Not a lot to report besides the odd movie G and I get to sneak off to when I have an evening free, which is hardly ever. There was othing good out a few weeks ago so we went to see Diamonds Are Forever, probably the worst of the Connery Bonds, at the Egyptian. Fun to see even if it is the cheesiest and most dated of the series. We haven't really been able to do much else of note. I did go to a Grammy party for a big record label on Grammy night. My friend Joey O runs a restaurant that was hosting the event. It was incredibly extravagant. You could almost smell the money in the place. I guess the guys from Green Day were there; I think I saw one of them, although I definitely saw Jimmy Page and Kid Rock hanging out. Mostly I saw incredibly rich people hobnobbing.
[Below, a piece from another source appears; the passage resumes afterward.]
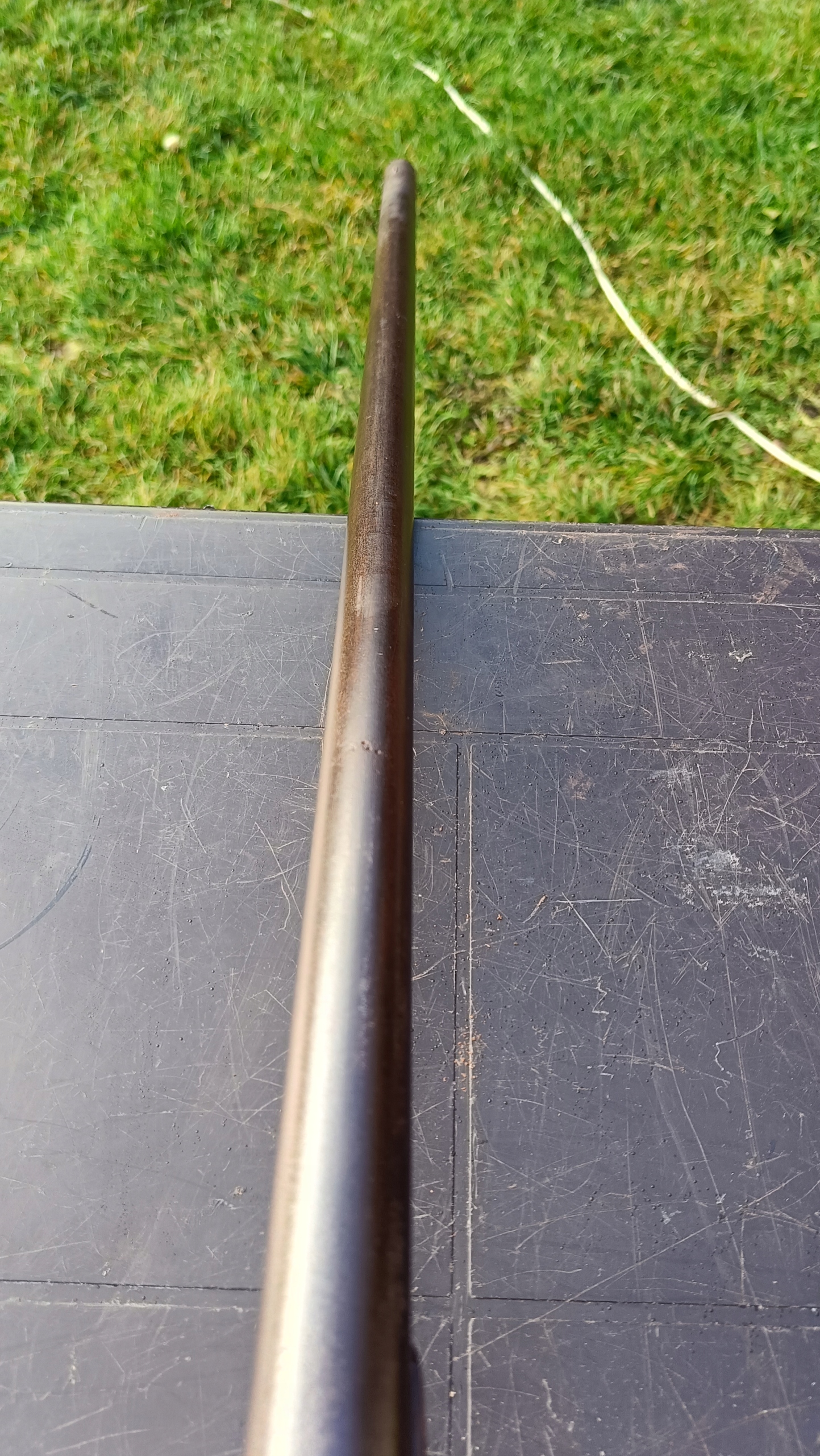 Фронтальная загрузка. Вы можете произвести сухой выстрел, двойную ничью. Замок спускового крючка работает очень хорошо, пружина крепкая. На стволе есть одна серьезная ямка и немного ржавчины внутри. Дерево все еще находится в относительно хорошем состоянии. Камин засорен и его необходимо заменить. Общая длина 141 Бочки 102 см. Диаметр ствола 17,5 см.

There was a crisis at one point in the party -- right after the Grammy show ended the crowd swarmed in and due to the layout the party designers had made, it was really hard to keep the flow of booze and glassware to the bars. It was the Delmar Boys to the resuce as Joe left me in charge of organizing the barbacking and making sure the bars were stocked for an hour or two. Between a few hard-working Mexican cats and myself we got everyone sorted out and the guests did not go thirsty even for a second. Anyway, it was a lavish Hollywood affair that I was too tired to attend but I am glad I went. I got to help out a friend, have some laughs, and revel in the fact that here I was with an old high school friend of 25 years or so, in Hollywood making pictures and he's running diamond-studded events for some of the biggest big shots in the music biz. We had a few beers late night and revelled in it. My observatiopn was, did you ever think, 15 years ago when we were sipping beers at dawn on Prince Edward Island, that we'd both be doing the same thing at a Grammy party in Hollywood 15 years later? Joe said, "I like to think about that too, but even more I like to think about what we'll be doing 15 years from now." Good point, Joe.

OK, time to cross one more thing off the to-do list before I hit the sack. Screening my project tomorrow for class -- have to be up mighty early. Hope to update again before Saturday when the whole dang thing starts up again.